Yes, I have log_min_duration_statement set to 0! (log_duration is off)

> I was able to replicate the problem by lobotomizing a couple of
> CHECK_FOR_INTERRUPTS that would normally happen in a simple
> "select pg_sleep()" query (see attached for-demonstration-
> purposes-only patch).  Then I get
> 
> regression=# set statement_timeout TO '1s';
> SET
> regression=# select pg_sleep(2.0);  -- completes normally after 2 sec
>  pg_sleep 
> ----------
>  
> (1 row)
> 
> regression=# set log_min_duration_statement TO '100ms';
> SET
> regression=# select pg_sleep(2.0);  -- sits for 2 sec, then:
> ERROR:  canceling statement due to user request
> 
> So that's not very good and we ought to do something about it.
> We can't have disable_statement_timeout() clear QueryCancelPending,
> because that might lose state about some other cause for query
> cancel.  I'm inclined to think that we need to split QueryCancelPending
> into more than one flag.
> 
> A separate question is how come the particular query you're complaining
> about has (seemingly) a fairly wide window where it never does any
> CHECK_FOR_INTERRUPTS call before terminating.  Perhaps there's someplace
> we need to sprinkle a few more of those.

Yeah, it is strange. There are many queries in this system with statement
timeouts and this is the only one where I see this and it happens several
times a day.

Thank you so much for looking into this. An impressive analysis!



Re: Unexpected "canceling statement due to user request" error

От
Tom Lane
Дата:
Will Storey <will@summercat.com> writes:
> On Sun 2019-09-01 19:46:19 -0400, Tom Lane wrote:
>> A separate question is how come the particular query you're complaining
>> about has (seemingly) a fairly wide window where it never does any
>> CHECK_FOR_INTERRUPTS call before terminating.  Perhaps there's someplace
>> we need to sprinkle a few more of those.

> Yeah, it is strange. There are many queries in this system with statement
> timeouts and this is the only one where I see this and it happens several
> times a day.

It'd be interesting to see EXPLAIN ANALYZE output from a typical execution
of that query.  Even better would be a test case (w/ tables and dummy
data) so somebody else could reproduce it; but maybe looking at EXPLAIN
ANALYZE would be enough to determine where we're missing checks.

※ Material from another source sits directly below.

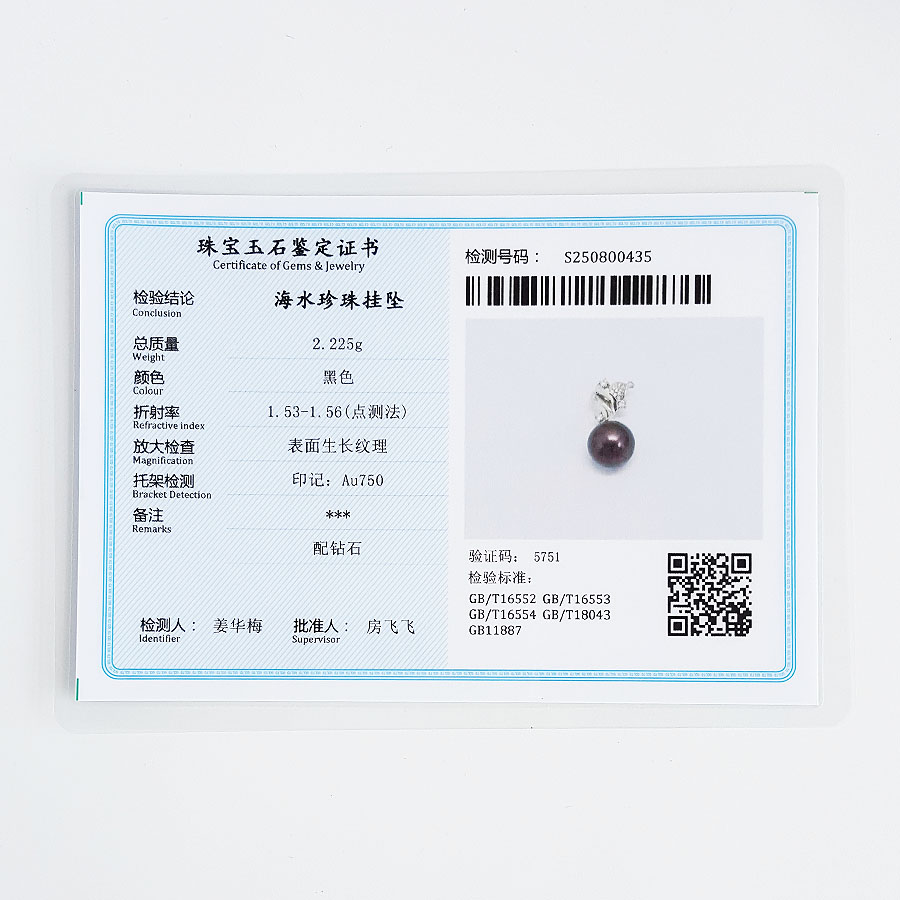 【天然正品】周大福AU750白金镶钻镶天然约9.6MM近无暇正圆大溪地海水珍珠吊坠项链21.6*9.6*9.6MM(皆取最大值)女士现售价:2880!140825NJM12

            regards, tom lane



Re: Unexpected "canceling statement due to user request" error

От
Will Storey
Дата:
On Sun 2019-09-01 20:58:30 -0400, Tom Lane wrote:
> >> A separate question is how come the particular query you're complaining
> >> about has (seemingly) a fairly wide window where it never does any
> >> CHECK_FOR_INTERRUPTS call before terminating.  Perhaps there's someplace
> >> we need to sprinkle a few more of those.
> 
> > Yeah, it is strange. There are many queries in this system with statement
> > timeouts and this is the only one where I see this and it happens several
> > times a day.
> 
> It'd be interesting to see EXPLAIN ANALYZE output from a typical execution
> of that query.  Even better would be a test case (w/ tables and dummy
> data) so somebody else could reproduce it; but maybe looking at EXPLAIN
> ANALYZE would be enough to determine where we're missing checks.

I put output from a query with values that caused the error here:


https://gist.githubusercontent.com/horgh/653e60b8c2f071d859424517d653eb4e/raw/5d16e11d0ac884ed9dc120c4521e2de8f2e7c3d6/test.txt

I sanitised some of the names and values again. Sorry about that.

As far as a test case: I'm not sure how to reproduce it myself. It just
happens periodically (15 times in the past 24 hours). The tables are
somewhat large (60+ GiB per partition). I could try to generate dummy
versions if you like, but they would have to be significantly dummied, so
I'm not sure it would end up being representative.